These days, leukemia is one of the diseases with high death rates in the world and it affects a wide range of people of different ages and races. Chemotherapy and radiotherapy can be mentioned among the usual and common methods of leukemia treatment, which are mostly used as the chosen method of treatment in most parts of the world.^[1] Despite the widespread use of these methods, they have many disadvantages and complications that affect patients. One of the disadvantages of the common methods of leukemia treatment is that in these methods, both healthy and cancerous cells are affected by the drug and undergo changes, which causes the insufficient drug to reach the leukemia cells and increases the excretion of those drugs; In this way, it is necessary to increase the amount of drug injection, which will not be possible from an economic point of view and depending on the patient’s general condition and tolerance.^[1–3] The aim of modern medical knowledge is to minimize these problems and unpleasant side effects for leukemic patients so that they can go through the course of their illness and treatment with less pain and damage. In the last decade, following research and obtaining more information about tumors and types of leukemia, a new method called biotechnology had been proposed to treat leukemia. Recently, researchers have indicated the anti-leukemia effects of the antioxidant molecules.^[2,3]
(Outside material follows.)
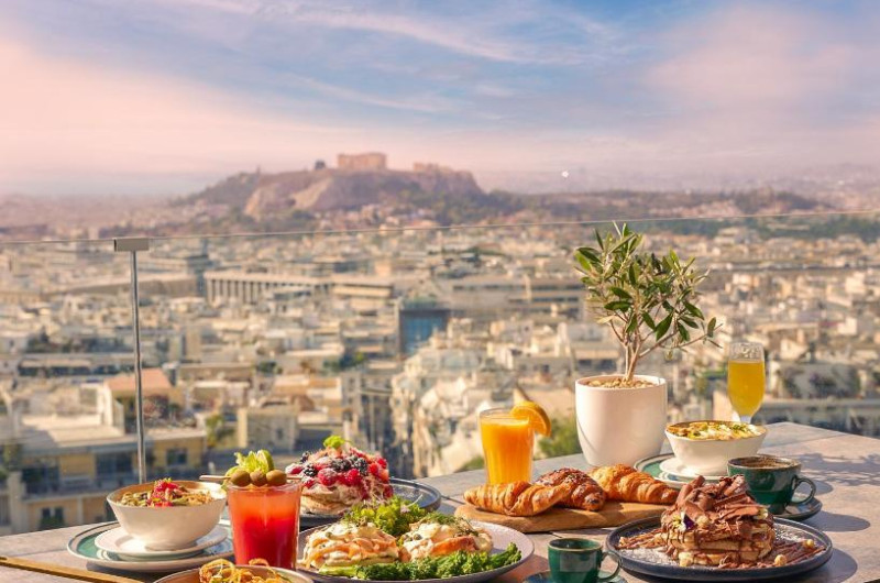 St George Lycabettus Lifestyle Hotel servește micul dejun tip bufet sau american.

4-Butylresorcinol (Figure 1), called 4-n-butylresorcinol, is a chemical molecule used to treatment of hyperpigmentation. Different chemicals recorded to inhibit tyrosinase production, like arbutin, hydroquinone, and kojic acid, have been discovered to be powerful inhibitors by an extensive margin.^[2–4]

Figure 1. Chemical structure of 4-Butylresorcinol.

The 27-carbon structure of cholesterol may seem complex, all carbon atoms come from a single precursor, acetate. Cholesterol synthesis consists of four steps. In the first step, acetoacetyl coenzyme A is formed by condensing acetyl coenzyme A and β-hydroxy-β-methylglutaryl-coenzyme A (HMG-CoA) is formed by combining with another acetyl coenzyme A. After this stage, mevalonic acid is synthesized from HMG-CoA thanks to the HMG-CoA reductase enzyme, the rate-limiting enzyme of cholesterol synthesis. In the third step, the formation of squalene from mevalonic acid and finally the final product cholesterol occurs. HMG-CoA reductase catalyzes the important reaction that HMG-CoA is converted to mevalonate molecule via the mevalonate molecule pathway in cholesterol molecule biosynthesis. Additionally, this enzyme is the rate-limiting enzyme that controls cholesterol molecule synthesis in the human body.^[5,6] Indeed, inhibition of this enzyme is the major goal for lowering the serum cholesterol level. Also, statin molecules used as inhibitor compounds of the enzyme were first developed by Kurado and Endo in the 1970s. Additionally, statin molecules are drugs that play a significant role in adjusting cholesterol amounts in the body. However, long-term use of statins causes serious side effects such as myopathy, rhabdomyolysis, impaired liver enzyme functions, sexual dysfunctions and hepatotoxicity. Due to the serious side effects of statin group drugs, there is still a need for the discovery of new, effective and safer HMG-CoA reductase inhibitors.^[7,8]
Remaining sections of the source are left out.